Exercise requirements:
The data below should be restated word for word, with every picture omitted.

Raw data:
%%

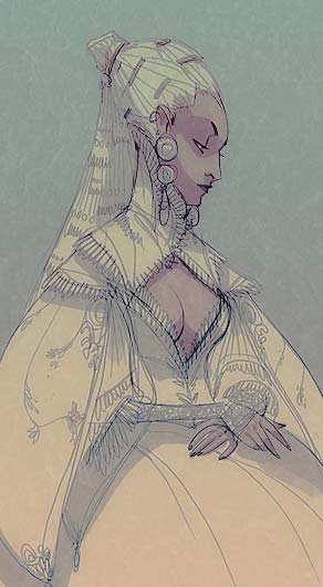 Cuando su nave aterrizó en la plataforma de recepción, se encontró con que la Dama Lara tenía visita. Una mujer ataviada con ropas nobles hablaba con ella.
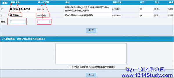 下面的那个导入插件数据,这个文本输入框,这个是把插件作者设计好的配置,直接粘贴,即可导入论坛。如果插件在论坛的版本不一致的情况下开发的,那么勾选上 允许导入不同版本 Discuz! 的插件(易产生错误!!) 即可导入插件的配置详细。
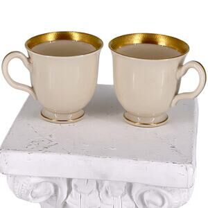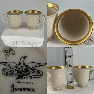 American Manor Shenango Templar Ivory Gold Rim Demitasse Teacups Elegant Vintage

%%

Final answer:
 Cuando su nave aterrizó en la plataforma de recepción, se encontró con que la Dama Lara tenía visita. Una mujer ataviada con ropas nobles hablaba con ella.
 下面的那个导入插件数据,这个文本输入框,这个是把插件作者设计好的配置,直接粘贴,即可导入论坛。如果插件在论坛的版本不一致的情况下开发的,那么勾选上 允许导入不同版本 Discuz! 的插件(易产生错误!!) 即可导入插件的配置详细。
 American Manor Shenango Templar Ivory Gold Rim Demitasse Teacups Elegant Vintage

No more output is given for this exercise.